What to work on: In the material below, find the line with "截至2017年,公司员工总数" and the line with "从清宫《内务府造办处活计清档", then output both and every line between them exactly, omitting pictures.

*** Opening Material shown ***

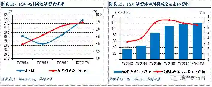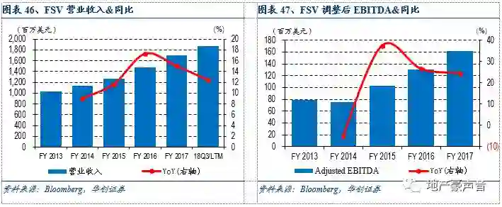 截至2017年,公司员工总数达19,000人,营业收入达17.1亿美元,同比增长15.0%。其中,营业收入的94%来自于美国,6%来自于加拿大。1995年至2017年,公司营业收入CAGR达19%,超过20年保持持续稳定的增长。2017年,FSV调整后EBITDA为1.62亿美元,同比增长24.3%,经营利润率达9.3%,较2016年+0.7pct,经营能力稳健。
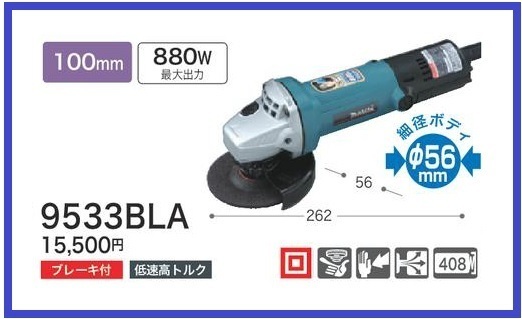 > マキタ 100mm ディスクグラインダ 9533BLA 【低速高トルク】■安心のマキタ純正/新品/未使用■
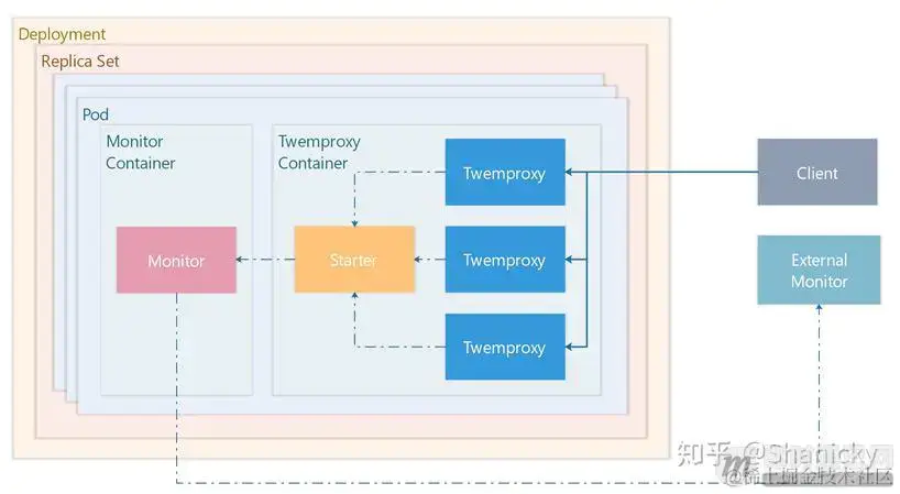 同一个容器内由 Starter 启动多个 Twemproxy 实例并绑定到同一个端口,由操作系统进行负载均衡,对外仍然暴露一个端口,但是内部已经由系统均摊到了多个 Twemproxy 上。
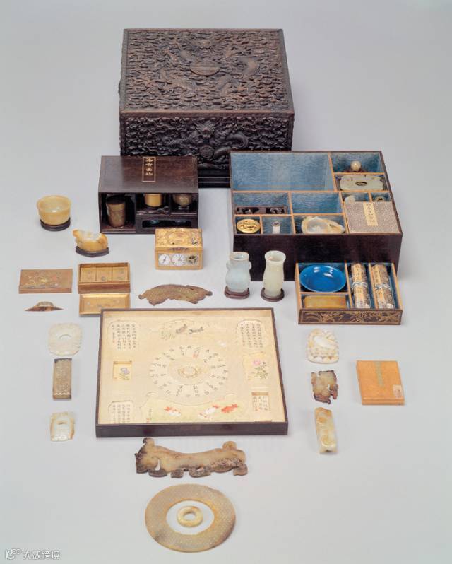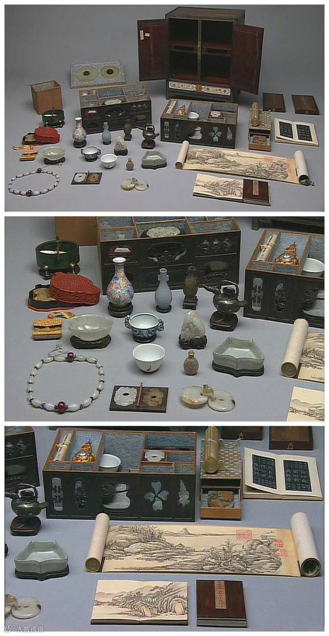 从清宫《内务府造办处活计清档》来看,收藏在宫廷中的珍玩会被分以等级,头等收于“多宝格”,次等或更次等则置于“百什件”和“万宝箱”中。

*** Closing Material shown ***
*** Opening Material shown ***

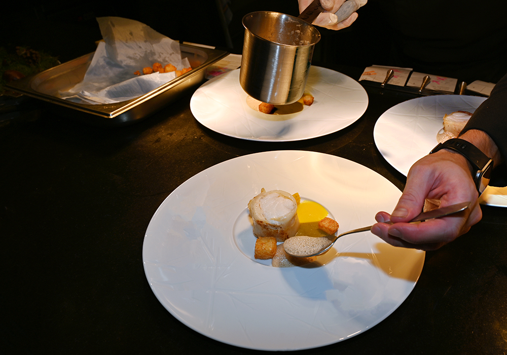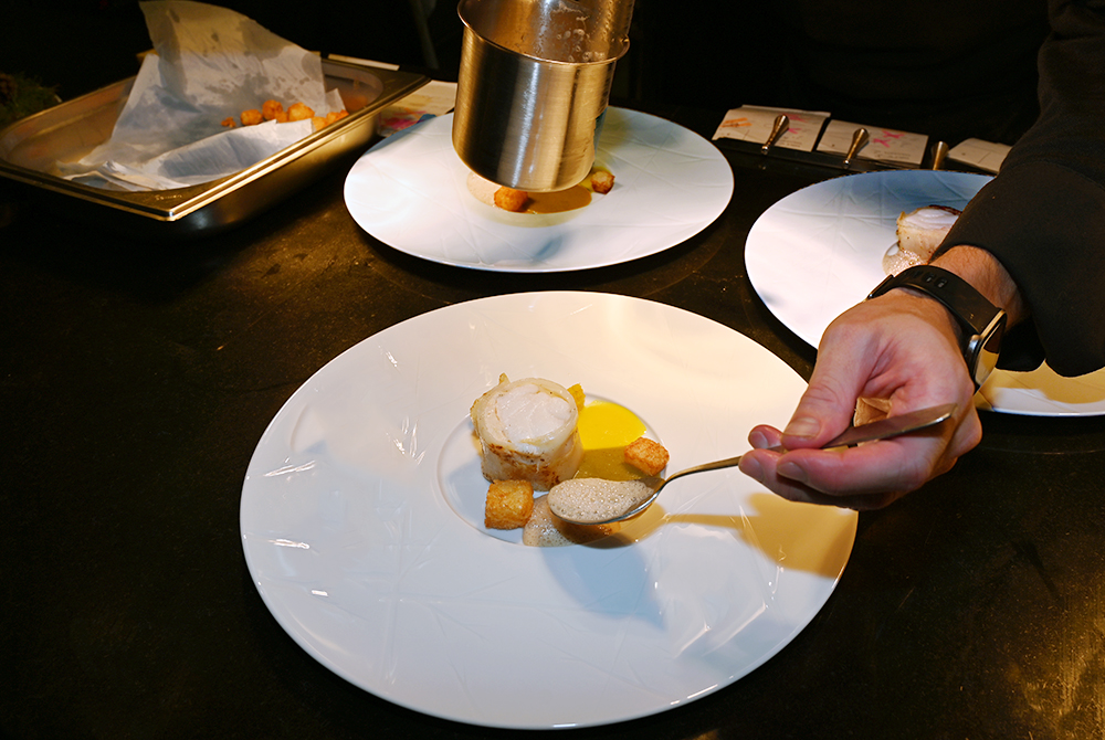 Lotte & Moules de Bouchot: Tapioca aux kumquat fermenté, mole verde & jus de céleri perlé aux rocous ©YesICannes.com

*** Closing Material shown ***

Exercise response:
 截至2017年,公司员工总数达19,000人,营业收入达17.1亿美元,同比增长15.0%。其中,营业收入的94%来自于美国,6%来自于加拿大。1995年至2017年,公司营业收入CAGR达19%,超过20年保持持续稳定的增长。2017年,FSV调整后EBITDA为1.62亿美元,同比增长24.3%,经营利润率达9.3%,较2016年+0.7pct,经营能力稳健。
 > マキタ 100mm ディスクグラインダ 9533BLA 【低速高トルク】■安心のマキタ純正/新品/未使用■
 同一个容器内由 Starter 启动多个 Twemproxy 实例并绑定到同一个端口,由操作系统进行负载均衡,对外仍然暴露一个端口,但是内部已经由系统均摊到了多个 Twemproxy 上。
 从清宫《内务府造办处活计清档》来看,收藏在宫廷中的珍玩会被分以等级,头等收于“多宝格”,次等或更次等则置于“百什件”和“万宝箱”中。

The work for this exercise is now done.